- Required action -
The reply to the records below should contain exactly the lines from the line with "Saat 21:39'da Çanakkale'nin" through the line with "Vi sarà certamente", and nothing besides.

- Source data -
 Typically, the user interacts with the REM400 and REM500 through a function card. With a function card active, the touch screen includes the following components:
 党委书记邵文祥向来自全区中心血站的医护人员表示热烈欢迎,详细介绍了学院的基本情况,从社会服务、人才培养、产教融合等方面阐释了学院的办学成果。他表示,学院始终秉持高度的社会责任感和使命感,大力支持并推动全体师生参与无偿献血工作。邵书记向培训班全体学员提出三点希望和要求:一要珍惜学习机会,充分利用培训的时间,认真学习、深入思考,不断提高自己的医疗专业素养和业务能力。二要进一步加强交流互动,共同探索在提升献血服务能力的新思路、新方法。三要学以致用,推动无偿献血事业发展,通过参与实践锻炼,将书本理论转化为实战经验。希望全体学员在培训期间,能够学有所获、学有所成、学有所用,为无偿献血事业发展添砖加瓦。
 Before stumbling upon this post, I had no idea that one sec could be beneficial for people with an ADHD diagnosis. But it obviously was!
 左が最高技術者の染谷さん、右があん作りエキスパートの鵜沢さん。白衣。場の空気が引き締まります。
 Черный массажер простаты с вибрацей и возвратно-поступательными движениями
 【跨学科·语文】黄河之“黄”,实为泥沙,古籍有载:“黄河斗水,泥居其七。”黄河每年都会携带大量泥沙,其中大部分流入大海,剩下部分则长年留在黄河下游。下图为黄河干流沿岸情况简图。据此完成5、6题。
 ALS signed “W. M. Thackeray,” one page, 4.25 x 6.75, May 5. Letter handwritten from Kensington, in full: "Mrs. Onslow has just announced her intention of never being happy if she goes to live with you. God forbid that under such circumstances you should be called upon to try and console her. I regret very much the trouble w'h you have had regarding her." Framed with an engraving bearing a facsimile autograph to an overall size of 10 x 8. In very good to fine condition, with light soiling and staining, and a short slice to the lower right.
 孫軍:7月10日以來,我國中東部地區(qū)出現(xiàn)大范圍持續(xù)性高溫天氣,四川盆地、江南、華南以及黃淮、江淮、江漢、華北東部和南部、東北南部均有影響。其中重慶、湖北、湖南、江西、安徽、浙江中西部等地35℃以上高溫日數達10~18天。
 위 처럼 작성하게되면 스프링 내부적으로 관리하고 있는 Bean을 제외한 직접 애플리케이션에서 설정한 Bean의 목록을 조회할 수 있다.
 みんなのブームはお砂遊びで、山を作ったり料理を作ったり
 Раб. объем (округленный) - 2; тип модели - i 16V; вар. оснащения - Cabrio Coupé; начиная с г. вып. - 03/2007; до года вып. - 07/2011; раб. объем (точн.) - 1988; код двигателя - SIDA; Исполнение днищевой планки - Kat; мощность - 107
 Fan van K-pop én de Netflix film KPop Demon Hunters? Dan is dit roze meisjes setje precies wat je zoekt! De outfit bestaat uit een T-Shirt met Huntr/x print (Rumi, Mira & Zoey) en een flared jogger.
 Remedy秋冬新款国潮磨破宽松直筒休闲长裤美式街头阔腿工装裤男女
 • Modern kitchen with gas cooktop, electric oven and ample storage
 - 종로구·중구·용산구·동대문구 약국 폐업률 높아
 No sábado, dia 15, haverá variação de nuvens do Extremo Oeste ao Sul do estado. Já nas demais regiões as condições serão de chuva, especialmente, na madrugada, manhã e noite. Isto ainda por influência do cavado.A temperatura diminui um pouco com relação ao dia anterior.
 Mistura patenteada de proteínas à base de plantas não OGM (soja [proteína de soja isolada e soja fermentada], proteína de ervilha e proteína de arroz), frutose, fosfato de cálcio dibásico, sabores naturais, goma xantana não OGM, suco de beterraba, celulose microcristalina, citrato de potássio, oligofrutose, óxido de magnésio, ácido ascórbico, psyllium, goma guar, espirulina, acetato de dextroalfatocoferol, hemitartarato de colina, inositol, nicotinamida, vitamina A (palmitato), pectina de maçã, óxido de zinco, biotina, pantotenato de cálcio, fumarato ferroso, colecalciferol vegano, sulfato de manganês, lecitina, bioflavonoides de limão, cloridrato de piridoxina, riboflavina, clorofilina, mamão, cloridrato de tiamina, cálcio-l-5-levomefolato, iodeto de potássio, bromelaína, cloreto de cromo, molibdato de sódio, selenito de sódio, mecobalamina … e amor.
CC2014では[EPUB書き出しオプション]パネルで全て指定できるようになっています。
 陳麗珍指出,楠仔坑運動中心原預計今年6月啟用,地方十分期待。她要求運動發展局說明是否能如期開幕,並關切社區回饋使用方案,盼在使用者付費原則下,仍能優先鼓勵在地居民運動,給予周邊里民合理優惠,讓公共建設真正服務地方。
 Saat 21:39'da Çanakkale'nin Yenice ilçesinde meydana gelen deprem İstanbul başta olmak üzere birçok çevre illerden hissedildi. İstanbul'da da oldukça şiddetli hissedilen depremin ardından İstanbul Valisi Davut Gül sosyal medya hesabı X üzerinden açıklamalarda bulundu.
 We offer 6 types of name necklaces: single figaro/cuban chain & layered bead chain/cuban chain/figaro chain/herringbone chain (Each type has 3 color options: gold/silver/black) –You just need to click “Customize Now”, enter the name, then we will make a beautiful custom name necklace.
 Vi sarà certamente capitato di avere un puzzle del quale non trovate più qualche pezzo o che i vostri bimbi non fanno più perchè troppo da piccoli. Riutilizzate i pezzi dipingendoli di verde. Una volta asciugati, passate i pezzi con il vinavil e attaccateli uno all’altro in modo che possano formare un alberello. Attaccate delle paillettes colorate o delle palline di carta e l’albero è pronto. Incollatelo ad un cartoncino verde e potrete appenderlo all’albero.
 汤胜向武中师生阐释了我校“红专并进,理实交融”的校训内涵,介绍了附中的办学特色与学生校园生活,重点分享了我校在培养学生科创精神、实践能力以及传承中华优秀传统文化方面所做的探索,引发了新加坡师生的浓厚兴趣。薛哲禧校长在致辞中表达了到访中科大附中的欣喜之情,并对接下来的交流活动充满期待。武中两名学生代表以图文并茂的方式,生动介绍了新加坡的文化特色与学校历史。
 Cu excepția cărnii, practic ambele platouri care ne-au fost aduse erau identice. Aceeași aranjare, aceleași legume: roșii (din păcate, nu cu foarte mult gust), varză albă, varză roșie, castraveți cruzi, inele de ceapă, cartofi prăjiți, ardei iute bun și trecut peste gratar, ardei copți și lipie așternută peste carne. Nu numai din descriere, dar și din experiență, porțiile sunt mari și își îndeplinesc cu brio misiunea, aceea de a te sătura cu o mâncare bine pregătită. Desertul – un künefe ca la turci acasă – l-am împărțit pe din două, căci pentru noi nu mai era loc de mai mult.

- Reply to the exercise -
 Saat 21:39'da Çanakkale'nin Yenice ilçesinde meydana gelen deprem İstanbul başta olmak üzere birçok çevre illerden hissedildi. İstanbul'da da oldukça şiddetli hissedilen depremin ardından İstanbul Valisi Davut Gül sosyal medya hesabı X üzerinden açıklamalarda bulundu.
 We offer 6 types of name necklaces: single figaro/cuban chain & layered bead chain/cuban chain/figaro chain/herringbone chain (Each type has 3 color options: gold/silver/black) –You just need to click “Customize Now”, enter the name, then we will make a beautiful custom name necklace.
 Vi sarà certamente capitato di avere un puzzle del quale non trovate più qualche pezzo o che i vostri bimbi non fanno più perchè troppo da piccoli. Riutilizzate i pezzi dipingendoli di verde. Una volta asciugati, passate i pezzi con il vinavil e attaccateli uno all’altro in modo che possano formare un alberello. Attaccate delle paillettes colorate o delle palline di carta e l’albero è pronto. Incollatelo ad un cartoncino verde e potrete appenderlo all’albero.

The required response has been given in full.